Saint-Roch d’hier…


Au commencement… jusqu’au milieu du XVIIème siècle, c’était la campagne. Celle du Paillon. Avec ses cultures d’orangers, d’oliviers et de vigne, ses pâturages, ses fermes et leurs moulins à huile. Une merveilleuse campagne des alentours niçois.

Et puis, soudain, nous sommes en 1631 : c’est la peste ! Une épidémie qui fait des ravages… Des habitants affolés qui invoque Saint Roch pour arrêter ce fléau et font vœu de lui édifier une église. Elle verra le jour en 1660. Avec elle, la population double, triple. Une nouvelle église est construite entre 1788 et 1790. Après la Révolution Française, lors du Consulat, sous Pie VII, l’église St Roch est érigée en paroisse.

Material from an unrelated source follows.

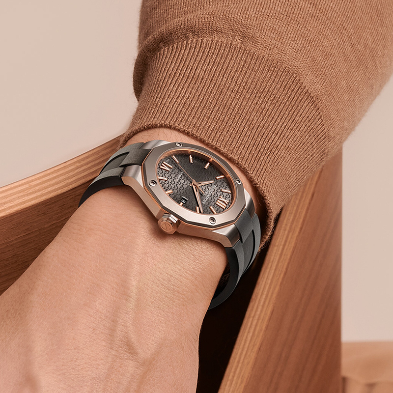 Thuộc bộ sưu tập Riviera chủ đạo của Baume & Mercier, chiếc đồng hồ nam M0A10660 sở hữu lối thiết kế mang đặc trưng của thương hiệu với phần vỏ Dodecagon, 12 cạnh vỏ cắt vát sắc nét cùng 4 đinh ở các góc kết hợp bộ dây đeo cao su mang đến phong cách trẻ trung, thời thượng.

Le quartier Saint-Roch est né.

Si le quartier reste à dominante campagnarde jusqu’au début du XIXème siècle, son urbanisation commence après le rattachement de Nice à la France en 1860. C’est d’abord la création de la gare du chemin de fer avec autour, ses hangars, ateliers et multiples ruelles. Et puis, s’installent l’usine métallurgique PETTENARO, la serrurerie MASETTI, la carrosserie MICHEL, les huileries VITERBO, le grossiste en vin GIAMBAGLI, les boissons gazeuses PARUSSO…

C’est dans ce passage d’un monde paysan finissant à un monde industriel commençant, que naît le sentiment d’appartenance à un véritable quartier en devenir. Nous sommes dans un fief niçois. Aussi bien autour du bar de la Machine qu’autour de l’auberge de la Tranquilité.

Car peu à peu, dès 1900, le quartier perd ses campagnes et une population ouvrière vient s’y installer. Avec ses traminots et ses employés de la manufacture de tabacs, ses dockers et ses conducteurs de tramways, ses revendications ouvrières et syndicales.

Et c’est la guerre. Celle de 14-18. Celle de 39-45. Entre les deux, les casernes se multiplient dans tout l’est de Nice : infanterie, artillerie, chasseurs alpins. Et les morts aussi. Pendant la seconde guerre mondiale, Saint-Roch va payer un lourd tribut : 384 tués, 480 blessés, 5600 sinistrés et 438 immeubles détruits.

Après la guerre, au milieu des années 50, que reste-t-il de ce coin de Nice ?

Un véritable état d’esprit ! Mélange d’une tradition campagnarde et d’une appartenance ouvrière. Une communauté d’âme. La fibre d’être « de Saint-Roch ». La fierté de « son village autour de l’église ».